- **Exercise goal**: What you give back must match the data exactly, minus the pictures.

- **Data extract**:
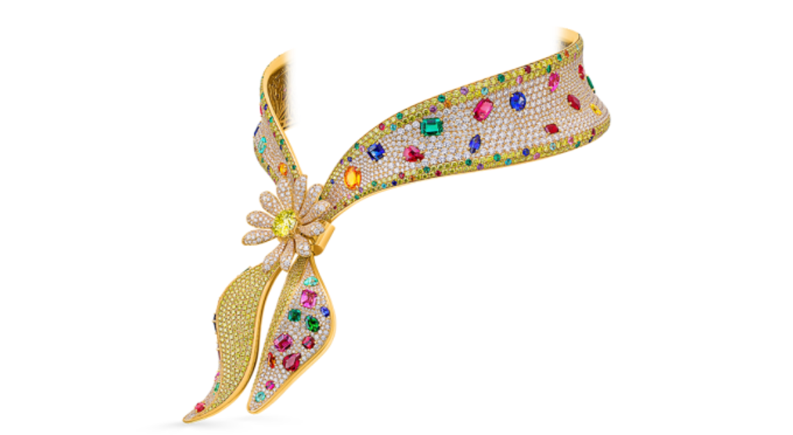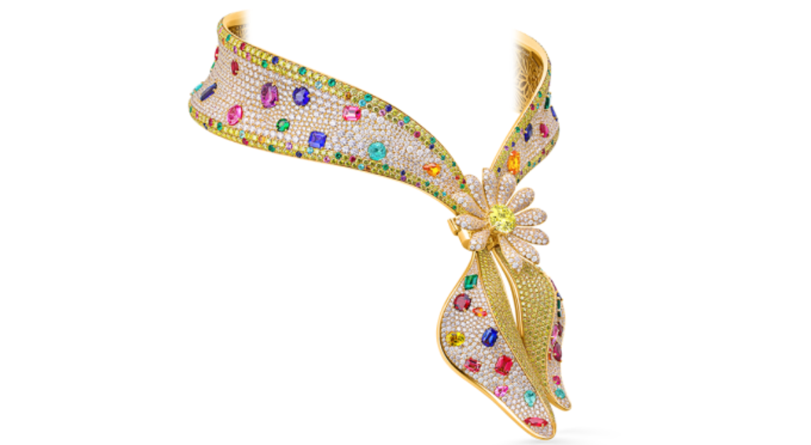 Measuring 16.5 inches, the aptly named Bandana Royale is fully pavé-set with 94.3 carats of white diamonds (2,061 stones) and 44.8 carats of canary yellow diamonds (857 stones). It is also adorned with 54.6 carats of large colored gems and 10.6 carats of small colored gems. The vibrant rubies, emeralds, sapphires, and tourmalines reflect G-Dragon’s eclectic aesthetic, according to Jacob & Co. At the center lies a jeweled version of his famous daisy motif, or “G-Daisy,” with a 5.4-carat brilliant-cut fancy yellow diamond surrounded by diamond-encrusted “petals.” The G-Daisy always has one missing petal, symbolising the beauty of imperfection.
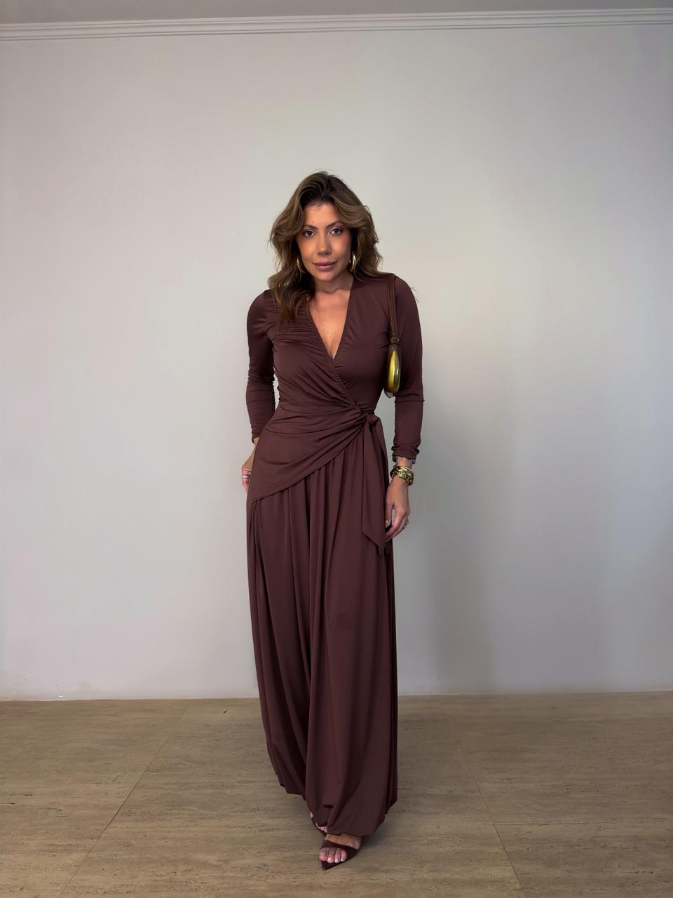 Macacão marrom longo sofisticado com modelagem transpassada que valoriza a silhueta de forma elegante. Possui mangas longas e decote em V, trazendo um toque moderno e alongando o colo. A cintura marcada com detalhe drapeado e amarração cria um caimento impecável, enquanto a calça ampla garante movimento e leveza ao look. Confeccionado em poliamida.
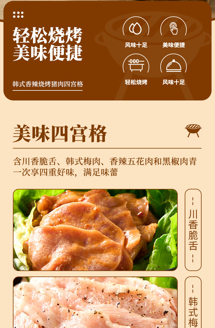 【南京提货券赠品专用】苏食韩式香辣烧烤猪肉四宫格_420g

- **Answer space**:
 Measuring 16.5 inches, the aptly named Bandana Royale is fully pavé-set with 94.3 carats of white diamonds (2,061 stones) and 44.8 carats of canary yellow diamonds (857 stones). It is also adorned with 54.6 carats of large colored gems and 10.6 carats of small colored gems. The vibrant rubies, emeralds, sapphires, and tourmalines reflect G-Dragon’s eclectic aesthetic, according to Jacob & Co. At the center lies a jeweled version of his famous daisy motif, or “G-Daisy,” with a 5.4-carat brilliant-cut fancy yellow diamond surrounded by diamond-encrusted “petals.” The G-Daisy always has one missing petal, symbolising the beauty of imperfection.
 Macacão marrom longo sofisticado com modelagem transpassada que valoriza a silhueta de forma elegante. Possui mangas longas e decote em V, trazendo um toque moderno e alongando o colo. A cintura marcada com detalhe drapeado e amarração cria um caimento impecável, enquanto a calça ampla garante movimento e leveza ao look. Confeccionado em poliamida.
 【南京提货券赠品专用】苏食韩式香辣烧烤猪肉四宫格_420g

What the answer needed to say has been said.